The present report is among the first to describe COVID-19 infection in a neonate with a severe CHD. To our knowledge, this is the first case in Italy describing the surgical correction and perioperative management of CHD in a neonate who tested positive for SARS-CoV-2. There is only one similar case described worldwide: a Blalock-Taussig shunt placement in a 15 days Sars-CoV2 positive neonate affected by Tetralogy of Fallot, which did not require CPB [10, 11].

The role of COVID-19 in worsening heart failure is difficult to assess. In our case, we are not sure that COVID-19 worsened the underlying heart disease as cardiac heart failure is expected in neonates with TA after 25 days of life. Moreover, with a COVID-19-associated chest X-ray, abnormalities may be similar to those found in CHD with increased pulmonary blood flow (Fig. 3).

Fig. 3
figure 3

The CT scan highlighted disventilative streaks in the middle Lobe; faint subpleural interstitial thickening in the posterior area of haemodynamic significance; diffuse ectasia of the pulmonary vessels, due to overflow

Crisis management strategies for congenital heart disease have recently been published. The document is not meant to be a guideline, but is designed to provide guidance for decision making [12].

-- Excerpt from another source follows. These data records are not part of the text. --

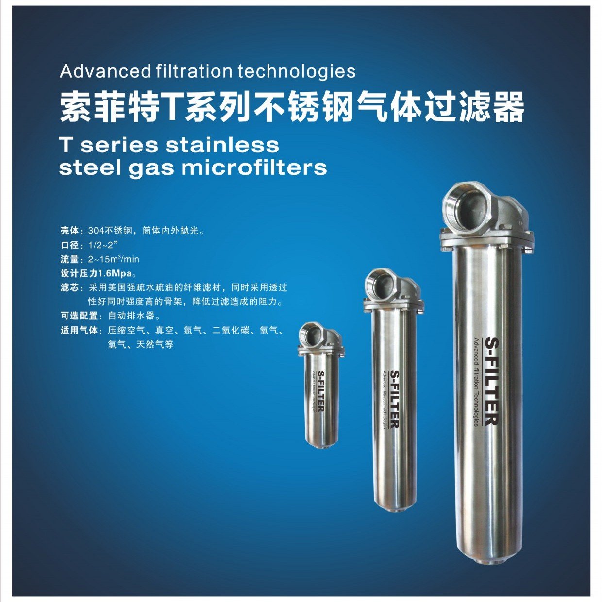 索菲特T系列不锈钢气体过滤器T series stainless steel gas microfilters
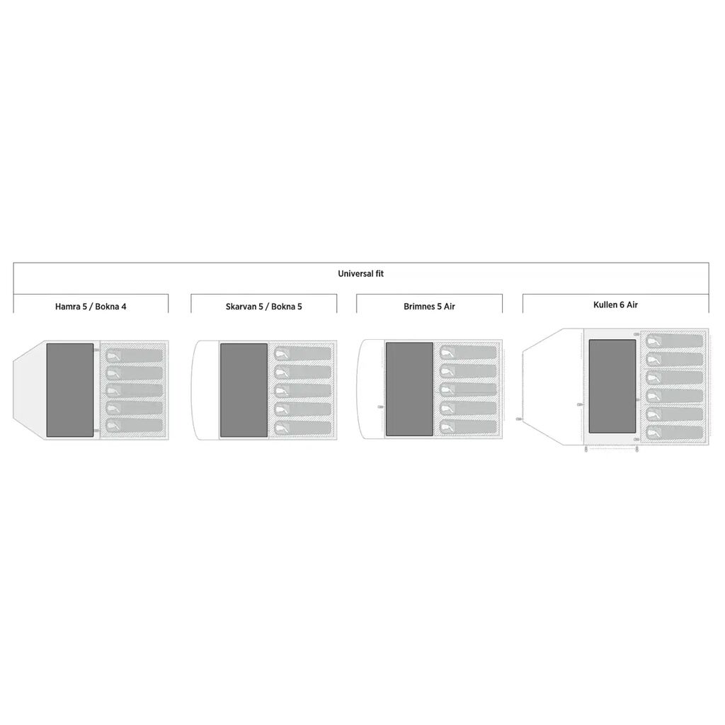 - Tilpasset teltene Hamra 5/Bokna 4, Skarvan 5/Bokna 5, Brimnes 5 Air og Kullen 6 Air
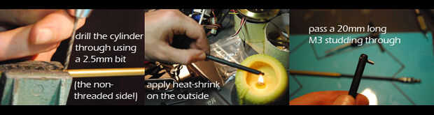 -Cubrir toda la longitud del cilindro con reducción de calor de tubo y corte cualquier exceso pedacitos. 2,5 mm a través de agujeros hechos en la parte no fileteada del cilindro está ahora protegida. Utilice el taladro nuevo para exponerlos y tap a través, usando el grifo M3. Tornillo de un largo entramado de M3 20mm o simplemente corte la cabeza de un tornillo de M3 largo 20mm. Esto actuará como bisagra de montaje de la botella.
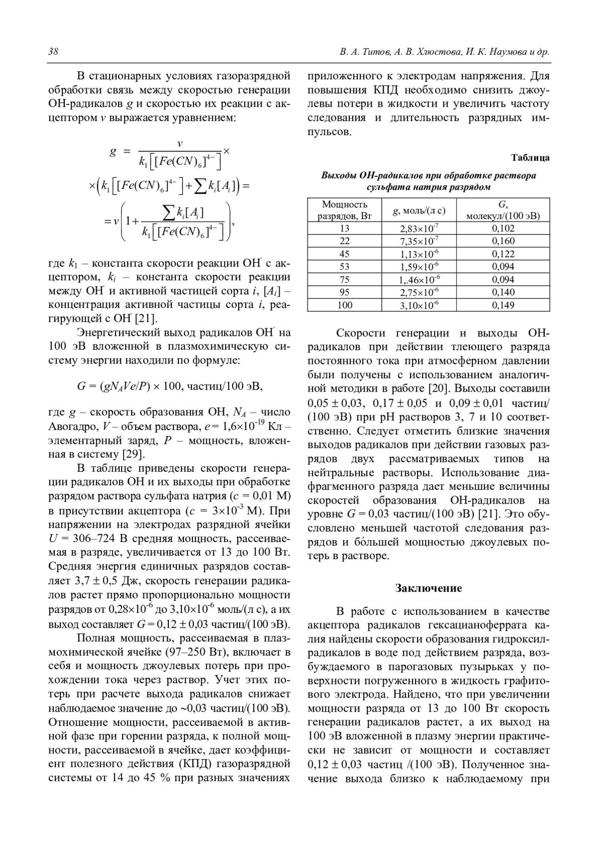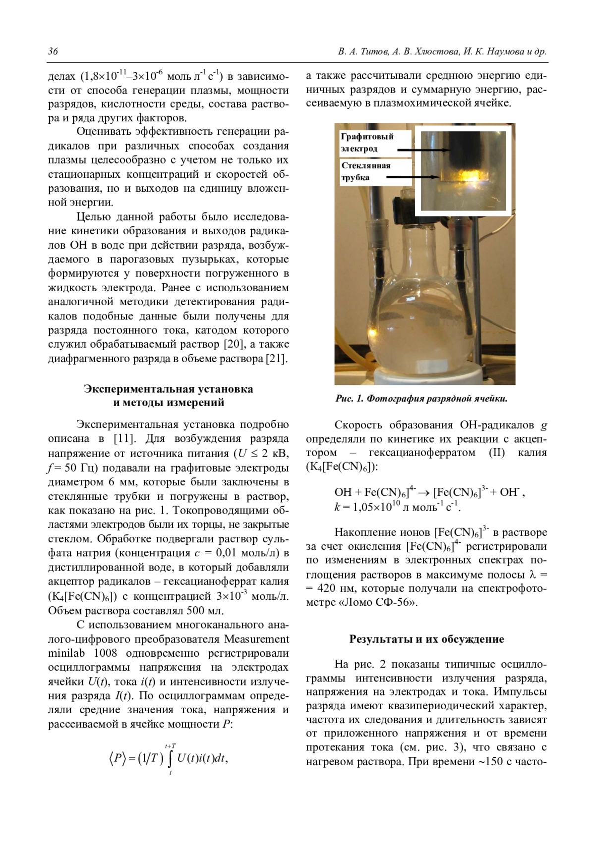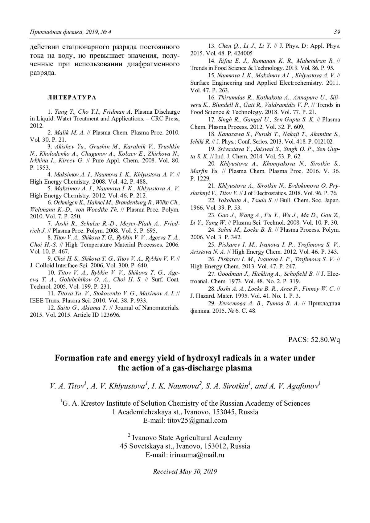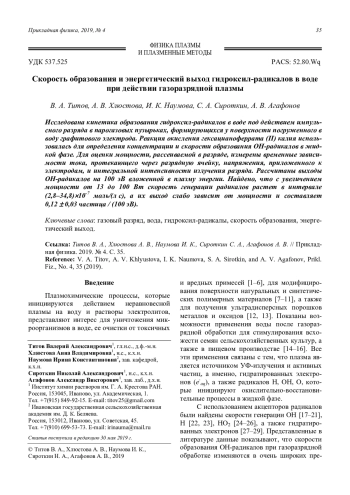 Титов В. А., Хлюстова А. В., Наумова И. К., Сироткин С. А., Агафонов А. В. Скорость образования и энергетический выход гидроксил-радикалов в воде при дей-ствии газоразрядной плазмы 35

There is very little evidence suggesting the optimal timing for surgery in SARS-CoV-2 positive patients. Choices should be individualized, considering both patient and provider safety. A symptom-based strategy is recommended by the Centers for Disease Control and Prevention (CDC). When symptom-based clearance is difficult (for instance, when the patient is asymptomatic, which appears more common in children as compared to adults), a polymerase chain reaction (PCR) test-based strategy may be considered. If prudent, surgery should be delayed until the patient’s symptoms have improved and/or testing has been repeated (often after 14 days) and is negative [13, 14]. Therefore, in this period, cooperation between pediatric cardiologists, cardio-anesthesiologists and cardiac surgeons is even more important to evaluate the clinical status of the patient and the risk of delaying surgery.

Certainly our case is the first describing the surgical correction of CHD in a 40 days patient, performed in CPB after 14 days from SARS-CoV-2 infection negativization, without complication and a good early outcome.